New York-Style Pulled Pork Sliders
Nov 11th 2025
-
Prep Time: 15 minutes
-
Cook Time: 6-8 hours (slow cooker)
-
Servings: 12 sliders
-
Temperature: Low heat setting (200°F/93°C) for slow cooking
Ingredients:
-
Boneless pork butt or shoulder: 5 pounds (2.27 kg)
-
Pineapple juice: 12 ounces (355 ml)
-
Paprika: 1 tablespoon (15 g)
-
Ground cumin: 1 tablespoon (15 g)
-
Chili powder: 2 teaspoons (10 g)
-
Salt: 2 teaspoons (10 g)
-
Garlic powder: 1 teaspoon (5 g)
-
Slider buns (Hawaiian rolls recommended): 12 (12)
-
Sliced dill pickles: 1 jar (12)
-
Cherry De-Lite BBQ sauce: 1-2 cups (240-480 ml)
-
Shredded coleslaw mix: 2 1/2 cups (590 ml)
-
Mayonnaise: 3-4 tablespoons (45-60 ml)
-
Apple cider vinegar: 1 tablespoon (15 ml)
-
Sugar: 1 teaspoon (5 g)
-
Salt and pepper (to taste): To taste
-
Apple cider vinegar (for sauce): 2 cups (480 ml)
-
Dark brown sugar: 2 tablespoons (25 g)
-
Ketchup: 1 tablespoon (15 ml)
-
Red pepper flakes: 1 teaspoon (5 g)
-
Cayenne pepper: Pinch (to taste)
Equipment needed:
-
Slow cooker (6-8 quart capacity)
-
Large mixing bowl
-
Two forks (for shredding)
-
Measuring cups and spoons
-
Knife and cutting board
-
Spatula or spoon for mixing
-
Serving platter or cutting board
Instructions:
-
Prepare the coleslaw: In a large bowl, combine the shredded coleslaw mix, mayonnaise, apple cider vinegar, sugar, and salt and pepper.
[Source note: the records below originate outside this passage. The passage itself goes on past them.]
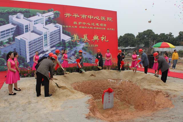 3月9日上午,我司承建的開平市中心醫(yī)院救護中心遷建項目奠基典禮在醫(yī)院西門工地隆重舉行。市人大副主任李寶貞同志、副市長梁民躍同志、政協(xié)副主席吉喆同志、中心醫(yī)院中層干部及我司項目班組成員等180多人了出典禮。救護中心遷建至中心醫(yī)院西側(cè),占地34.95畝,興建傳染科大樓四層、腫瘤科大樓七層、放療樓單層,總建筑面積19630平方米,建設工期計劃至2012年1月竣工。工程竣工后,將進一步改善醫(yī)療衛(wèi)生條件,提
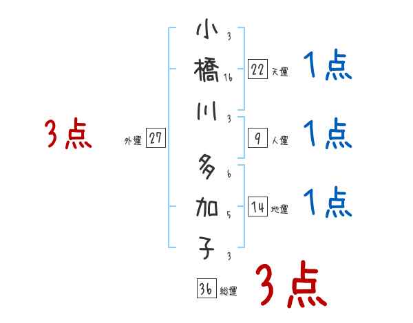 総運![]() | 小橋川多加子さんの総運は36画の3つ星!先見性が豊かです。多少神経質で苦労することも。 あなたの人生を表す1番重要な運勢です。生涯を通じて影響する総合運となり、主に50歳以降の晩年期に影響を及ぼします。 |
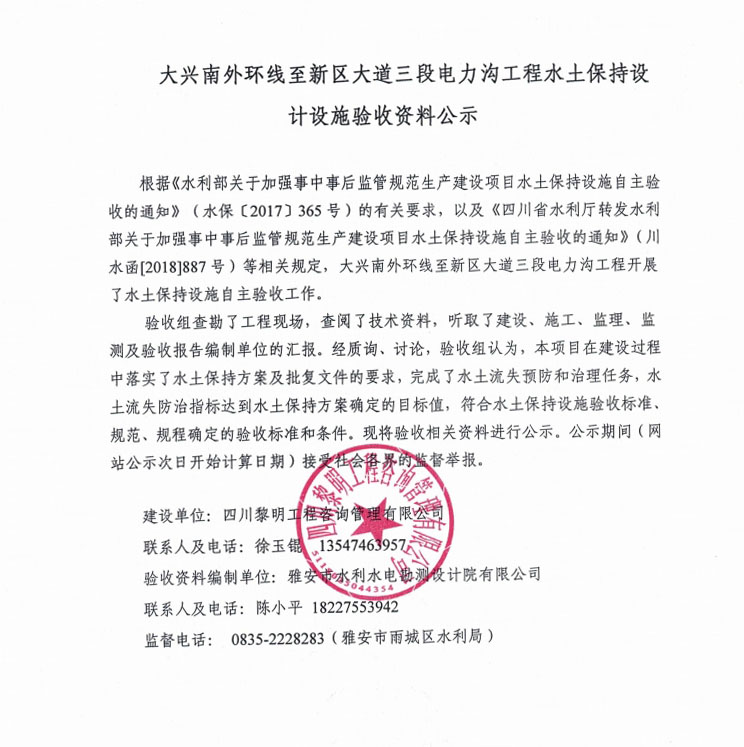 大興南外環(huán)線(xiàn)至新區(qū)大道三段電力溝工程水土保持設(shè)計(jì)設(shè)施驗(yàn)收資料公示

Mix until fully incorporated. Cover and refrigerate until ready to use.
-
Prepare the pork: Remove the pork from its packaging and pat it dry with paper towels. If there is a thick fat cap, trim it off with a sharp knife.
-
Make the dry rub: In a small bowl, combine the paprika, cumin, chili powder, salt, garlic powder, and any additional spices. Mix well.
-
Apply the rub: Rub the spice mixture all over the pork shoulder, ensuring it is evenly coated.
-
Cook the pork: Place the seasoned pork in the slow cooker. Pour the pineapple juice over the meat. Cover and cook on the low heat setting for 6-8 hours, or on high for 5-6 hours, until the internal temperature reaches 200°F (93°C) and the meat easily pulls apart with two forks.
-
Shred the pork: Carefully remove the pork from the slow cooker and place it on a large dish or foil pan. Use two forks to shred the meat into manageable, tender chunks, discarding any large pieces of fat.
-
Mix with sauce: Add the Cherry De-Lite BBQ sauce and a few spoonfuls of the cooking juices from the slow cooker to the shredded pork. Mix well to combine.
-
Assemble the sliders: Lay the toasted bottom buns on a serving platter. Top each with a generous amount of the pulled pork mixture. Drizzle with additional Cherry De-Lite BBQ sauce. Add a spoonful of the prepared coleslaw and a couple of dill pickles on top. For a New York-style twist, consider adding a small amount of sautéed onions or a slice of Swiss cheese.
-
Finish and serve: Place the top bun on each slider. For appetizers, secure with a decorative toothpick. Serve immediately while hot.